● **About this exercise**: Restate the whole of the data below word for word, skipping the images.

● **Data section**:
•••
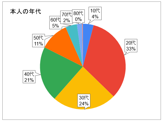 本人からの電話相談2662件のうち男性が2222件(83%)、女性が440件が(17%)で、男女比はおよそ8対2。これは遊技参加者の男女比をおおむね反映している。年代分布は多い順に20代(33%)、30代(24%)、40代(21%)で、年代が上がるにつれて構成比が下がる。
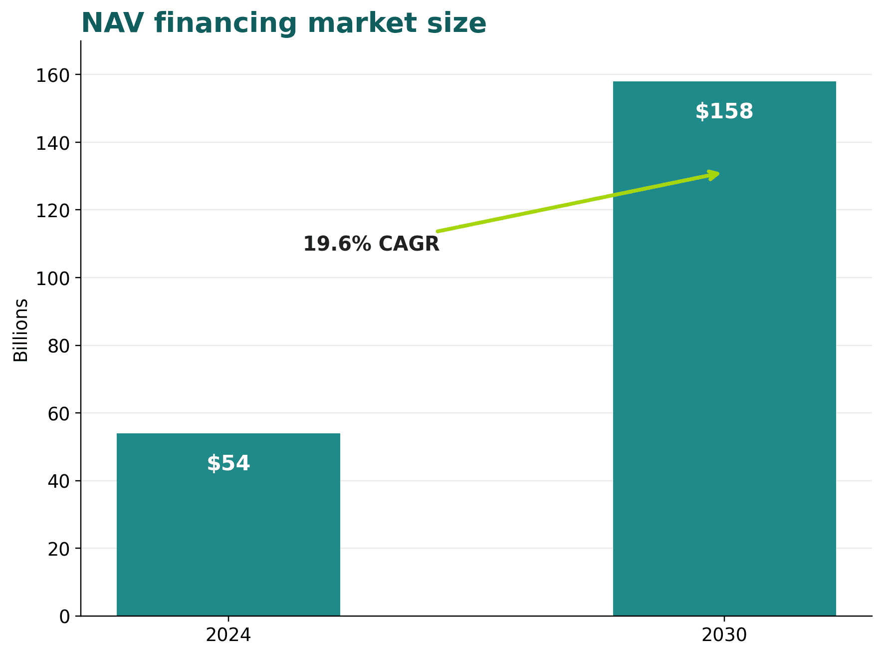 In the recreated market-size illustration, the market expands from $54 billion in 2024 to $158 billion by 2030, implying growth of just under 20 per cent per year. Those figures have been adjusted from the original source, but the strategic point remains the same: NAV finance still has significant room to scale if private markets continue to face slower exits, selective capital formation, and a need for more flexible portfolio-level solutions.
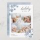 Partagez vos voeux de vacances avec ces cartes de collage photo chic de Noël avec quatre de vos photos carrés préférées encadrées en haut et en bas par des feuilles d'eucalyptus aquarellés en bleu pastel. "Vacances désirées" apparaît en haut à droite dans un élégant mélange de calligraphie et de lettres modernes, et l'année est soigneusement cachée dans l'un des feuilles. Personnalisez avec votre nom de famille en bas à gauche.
•••
● **Task result**:
 本人からの電話相談2662件のうち男性が2222件(83%)、女性が440件が(17%)で、男女比はおよそ8対2。これは遊技参加者の男女比をおおむね反映している。年代分布は多い順に20代(33%)、30代(24%)、40代(21%)で、年代が上がるにつれて構成比が下がる。
 In the recreated market-size illustration, the market expands from $54 billion in 2024 to $158 billion by 2030, implying growth of just under 20 per cent per year. Those figures have been adjusted from the original source, but the strategic point remains the same: NAV finance still has significant room to scale if private markets continue to face slower exits, selective capital formation, and a need for more flexible portfolio-level solutions.
 Partagez vos voeux de vacances avec ces cartes de collage photo chic de Noël avec quatre de vos photos carrés préférées encadrées en haut et en bas par des feuilles d'eucalyptus aquarellés en bleu pastel. "Vacances désirées" apparaît en haut à droite dans un élégant mélange de calligraphie et de lettres modernes, et l'année est soigneusement cachée dans l'un des feuilles. Personnalisez avec votre nom de famille en bas à gauche.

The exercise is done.